Résumé des chroniques précédentes


L’art ne se conçoit pas sans son Histoire ! Depuis Duchamp et bien d’autres, « libérés » -du moins le prétendent-ils…- des contraintes classiques de la représentation et du « beau », les artistes soit interpellent, questionnent, provoquent, soit recherchent de nouvelles esthétiques plus radicales, hors des mediums traditionnels. Pourtant rien n’est « neutre » dans leurs démarches. Tout s’inscrit dans une Histoire qui en retour fait évoluer les pratiques. L’Ecole de Nice ne déroge pas à ces cheminements. Mieux très souvent, cette mouvance l’a anticipé ou favorisé. Connaître l’Histoire de l’Ecole de Nice dans tous ses ressorts fait partie intégrante de sa marche continue.

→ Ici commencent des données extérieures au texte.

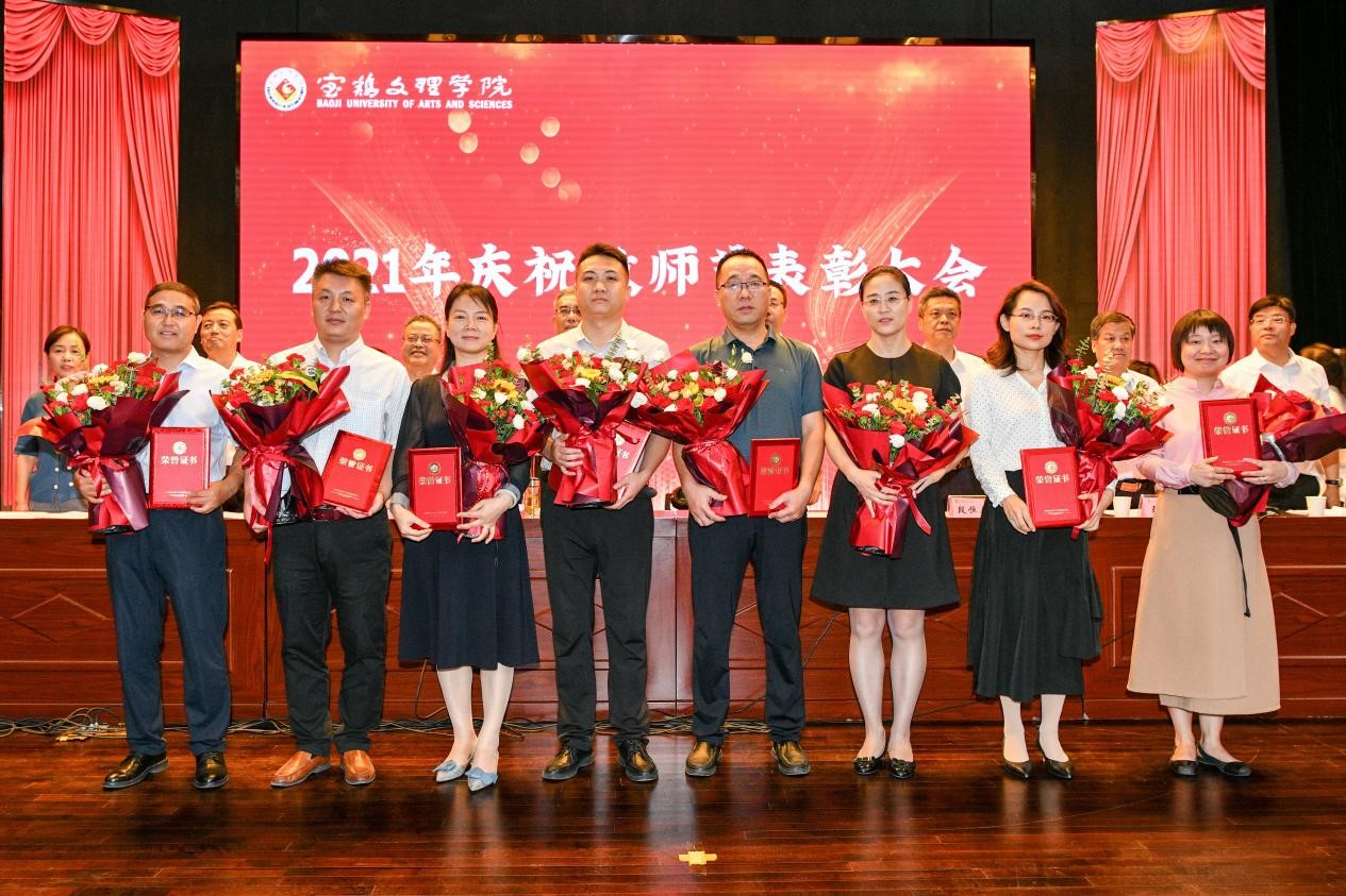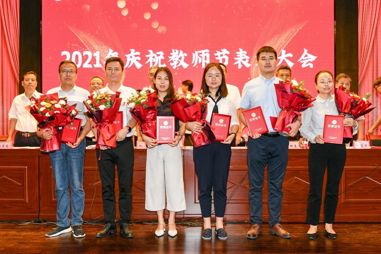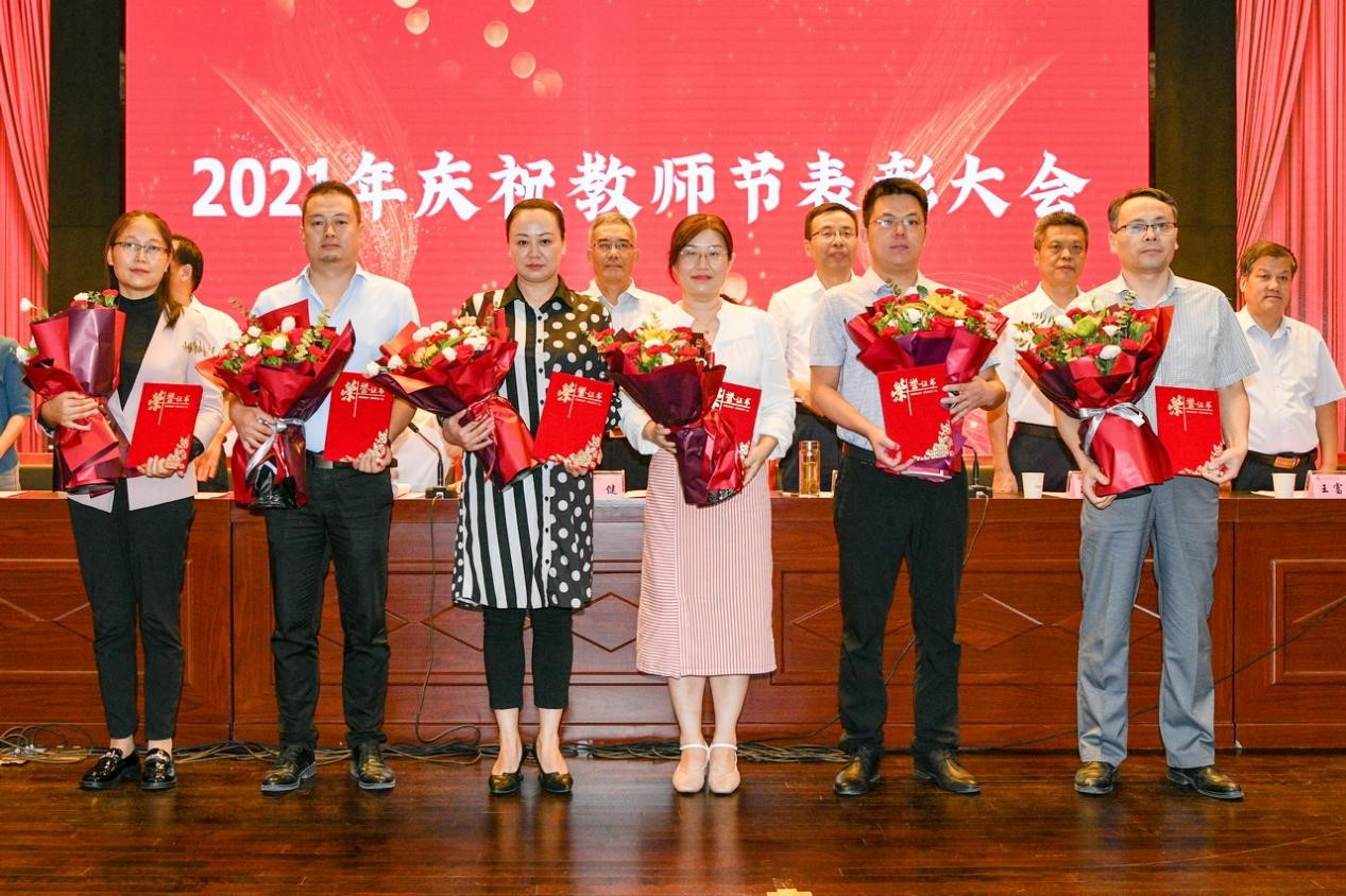会上,段恒春宣读了《关于表彰2019-2021学年“优秀教师”及 “最受学生欢迎十佳教师”的决定》;杨子元宣读了2020年度国家级一流本科专业建设点、陕西省一流本科专业建设点、陕西省一流本科课程、陕西省课程思政示范课程名单;王富平宣读了bat365在线中国官网登录入口第八届教学名师、本科教学质量优秀奖获得者名单;李景宜宣读了2020、2021年获批省级研究基地和国家级科研项目、陕西青年科技奖、陕西省青年科技新星获得者名单;韩干校宣读了《关于表彰从事教育工作满35年、30年、25年教职工的决定》。大会对获奖者进行了表彰,学生代表为受表彰的老师献花表达节日的祝福。

Qu’en est-il de la Ville de Nice et de ses municipalités successives d’alors ? Quelle place jouèrent-elles dans l’émergence et le rayonnement de l’Ecole ? Et notamment puisque la grande époque de ce mouvement furent les années 60-80, quels comportements eurent Jean et de Jacques Médecin , les maires charismatiques et « tout-puissants » de ces années-là ?

Fin des années cinquante

Le Laboratoire 32, La boutique galerie de Ben, début années 60 Une première exposition : « Scorbut », est montée avec Raysse, Chubac, Gilli et Ben. Nombre de jeunes artistes s’y rencontrent, font connaissance, dont Venet, Mas, Erebo, Serge III, Alocco,..,.

Fin des années 50 : Arman crée les Cachets ; il s’agit d’empreintes de tampons de caoutchouc de différentes couleurs. Ben Vautier (dit Ben) et Malaval s’associent pour ouvrir une boîte de nuit : « Le Grac », qu’ils décorent ensemble. Malaval accroche des toiles surréalistes ; au bar, Ben fait des écritures de couleur. La Galerie Longchamp, rue Longchamp, expose Gilli, Raysse, Chubac. A l’époque, leurs toiles sont plutôt abstraites, tendance Ecole de Paris. Paul-Armand Gette crée ses premières Cristallisations verbales. Elles seront exposées en 1960 à la Galerie Matarasso.
En octobre 1958, Ben change de métier ; il monte une boutique de disques d’occasion au 32, rue Tondutti de l’Escarène. Il en fait rapidement une galerie, malgré l’étroitesse des lieux. Son projet : montrer « tout ce qu’il y avait de nouveau en Art à Nice et dans la région ».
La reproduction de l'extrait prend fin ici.